The volunteer expressed surprise, stating: "Effectively you were rehearsing the main parts of my medical history to me without me having given you any information at all. I didn't expect that." She added that while she was not overly concerned about her own data being exposed and intended to remain a participant, she was worried about whether Biobank had broken its agreement with people. "They said they would hold our data securely ... I just feel as though that has to come into the equation," she said.
Expert Criticisms and Ethical Dilemmas
Privacy experts argue that UK Biobank's approach is at odds with the reality that many people reasonably share some health information online, and in the age of AI, this can be easily identified and cross-referenced. Prof Felix Ritchie, an economist at the University of the West of England, questioned: "Are these people aware that the internet exists? The idea that they can rely on their volunteers never putting any other information out there about themselves is an entirely unreasonable thing to expect."
Dr Luc Rocher, associate professor at the Oxford Internet Institute, noted that removing identifiers often does not guarantee anonymity.

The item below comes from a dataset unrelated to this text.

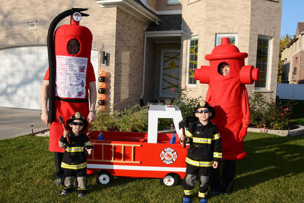 Todo el mundo amaba nuestro traje de la familia y parada para tomar fotos de nosotros durante nuestra caminata del pueblo de Halloween hoy. Había unos perros confundidos preguntando por qué la boca de incendios había piernas y estaba en movimiento. Afortunadamente evité cualquier "incidentes mayores" con los perros.

Simply knowing a person's birthday and a specific medical event date might be sufficient to pinpoint their record with high confidence. "Once identified, that record could reveal sensitive information such as a psychiatric diagnosis, an HIV test result, or a history of drug abuse," they explained.
Prof Niels Peek, professor of data science and healthcare improvement at the University of Cambridge, reiterated that the scale of the problem is "shocking". He acknowledged that Biobank has taken the issue seriously and "done everything that one can reasonably expect", but added: "The scale and persistence with which this has happened demonstrates that there are huge tensions between the ambition to drive health research with data at scale and the legal and ethical imperative to protect people's privacy."
Experts have also raised doubts about whether Biobank can fully regain control of the data released online. Despite takedown efforts, many files remained available on a code archive website until shortly before publication, highlighting ongoing vulnerabilities in data security protocols.